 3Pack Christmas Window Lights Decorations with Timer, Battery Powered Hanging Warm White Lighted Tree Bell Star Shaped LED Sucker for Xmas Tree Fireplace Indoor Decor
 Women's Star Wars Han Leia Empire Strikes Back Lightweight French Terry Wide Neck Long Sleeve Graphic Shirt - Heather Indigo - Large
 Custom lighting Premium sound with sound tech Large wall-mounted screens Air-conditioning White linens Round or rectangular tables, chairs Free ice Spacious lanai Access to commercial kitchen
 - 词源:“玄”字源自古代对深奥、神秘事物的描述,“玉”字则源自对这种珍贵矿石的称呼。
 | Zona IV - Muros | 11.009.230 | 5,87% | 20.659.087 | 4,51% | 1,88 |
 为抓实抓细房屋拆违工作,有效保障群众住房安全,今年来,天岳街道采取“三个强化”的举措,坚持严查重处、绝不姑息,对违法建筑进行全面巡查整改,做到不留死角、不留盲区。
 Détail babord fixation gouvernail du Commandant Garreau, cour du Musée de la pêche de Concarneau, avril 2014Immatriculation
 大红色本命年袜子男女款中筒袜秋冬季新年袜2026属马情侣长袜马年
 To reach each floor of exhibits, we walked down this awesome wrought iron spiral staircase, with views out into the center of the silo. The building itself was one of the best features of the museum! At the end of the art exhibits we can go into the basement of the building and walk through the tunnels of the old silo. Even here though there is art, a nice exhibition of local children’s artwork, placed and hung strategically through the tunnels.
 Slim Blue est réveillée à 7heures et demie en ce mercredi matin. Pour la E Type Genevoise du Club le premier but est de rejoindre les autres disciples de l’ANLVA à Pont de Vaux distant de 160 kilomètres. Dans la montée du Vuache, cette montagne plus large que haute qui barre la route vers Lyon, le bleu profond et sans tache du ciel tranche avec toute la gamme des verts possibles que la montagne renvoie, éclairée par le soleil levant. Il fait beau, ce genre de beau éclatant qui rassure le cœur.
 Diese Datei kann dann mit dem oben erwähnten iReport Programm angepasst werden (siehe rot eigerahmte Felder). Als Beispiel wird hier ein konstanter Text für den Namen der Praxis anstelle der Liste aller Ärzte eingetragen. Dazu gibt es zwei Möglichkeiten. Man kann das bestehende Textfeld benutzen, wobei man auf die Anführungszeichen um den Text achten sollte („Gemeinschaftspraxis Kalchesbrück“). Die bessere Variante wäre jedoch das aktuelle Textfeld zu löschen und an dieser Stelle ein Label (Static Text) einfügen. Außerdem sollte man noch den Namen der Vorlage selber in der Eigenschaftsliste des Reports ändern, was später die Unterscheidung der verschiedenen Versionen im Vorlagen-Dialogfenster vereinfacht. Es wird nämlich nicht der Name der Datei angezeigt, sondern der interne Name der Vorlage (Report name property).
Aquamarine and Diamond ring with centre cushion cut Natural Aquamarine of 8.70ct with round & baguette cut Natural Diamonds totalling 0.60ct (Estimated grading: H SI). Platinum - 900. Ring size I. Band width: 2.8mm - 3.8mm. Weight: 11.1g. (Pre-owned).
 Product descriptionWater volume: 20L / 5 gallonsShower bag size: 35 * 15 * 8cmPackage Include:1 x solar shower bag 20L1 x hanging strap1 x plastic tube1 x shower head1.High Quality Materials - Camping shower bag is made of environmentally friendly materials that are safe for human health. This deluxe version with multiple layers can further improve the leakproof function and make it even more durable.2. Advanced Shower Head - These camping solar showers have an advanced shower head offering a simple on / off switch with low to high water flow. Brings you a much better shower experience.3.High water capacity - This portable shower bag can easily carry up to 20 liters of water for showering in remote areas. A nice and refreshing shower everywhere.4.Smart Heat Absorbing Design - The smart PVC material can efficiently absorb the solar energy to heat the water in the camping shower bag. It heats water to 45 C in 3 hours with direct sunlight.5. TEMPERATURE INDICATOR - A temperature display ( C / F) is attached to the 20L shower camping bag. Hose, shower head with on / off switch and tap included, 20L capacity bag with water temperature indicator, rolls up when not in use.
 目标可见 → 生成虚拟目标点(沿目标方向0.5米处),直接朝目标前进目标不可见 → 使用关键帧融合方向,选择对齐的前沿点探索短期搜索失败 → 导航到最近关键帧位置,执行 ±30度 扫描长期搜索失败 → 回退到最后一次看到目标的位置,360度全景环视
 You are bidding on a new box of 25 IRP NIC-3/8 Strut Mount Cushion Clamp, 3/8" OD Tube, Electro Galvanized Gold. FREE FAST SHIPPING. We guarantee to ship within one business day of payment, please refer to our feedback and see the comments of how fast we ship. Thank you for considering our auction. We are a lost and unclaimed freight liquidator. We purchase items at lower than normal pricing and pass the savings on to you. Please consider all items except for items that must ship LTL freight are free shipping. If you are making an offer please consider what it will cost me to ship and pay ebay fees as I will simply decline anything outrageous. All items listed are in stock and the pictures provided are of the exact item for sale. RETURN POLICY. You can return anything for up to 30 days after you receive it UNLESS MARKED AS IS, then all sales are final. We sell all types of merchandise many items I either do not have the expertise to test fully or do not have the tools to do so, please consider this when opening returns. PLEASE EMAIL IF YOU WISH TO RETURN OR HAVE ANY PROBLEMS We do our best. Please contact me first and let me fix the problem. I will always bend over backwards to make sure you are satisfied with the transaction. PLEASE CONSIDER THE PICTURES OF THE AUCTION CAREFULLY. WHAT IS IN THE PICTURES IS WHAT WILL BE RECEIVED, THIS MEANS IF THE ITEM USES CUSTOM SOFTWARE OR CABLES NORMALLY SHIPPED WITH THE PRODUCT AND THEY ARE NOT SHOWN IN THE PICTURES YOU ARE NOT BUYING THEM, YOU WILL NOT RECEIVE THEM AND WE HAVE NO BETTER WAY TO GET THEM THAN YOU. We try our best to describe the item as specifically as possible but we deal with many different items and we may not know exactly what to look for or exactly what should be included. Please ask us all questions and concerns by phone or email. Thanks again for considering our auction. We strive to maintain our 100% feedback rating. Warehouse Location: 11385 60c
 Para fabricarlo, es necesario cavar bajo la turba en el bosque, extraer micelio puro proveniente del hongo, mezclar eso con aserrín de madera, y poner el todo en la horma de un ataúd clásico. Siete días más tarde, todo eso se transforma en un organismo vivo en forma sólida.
-.-.-
__THE PROBLEM__
Working from the records above, find how many lines contain the string "White" and answer with the bare number.

__EXPECTED ANSWER__
2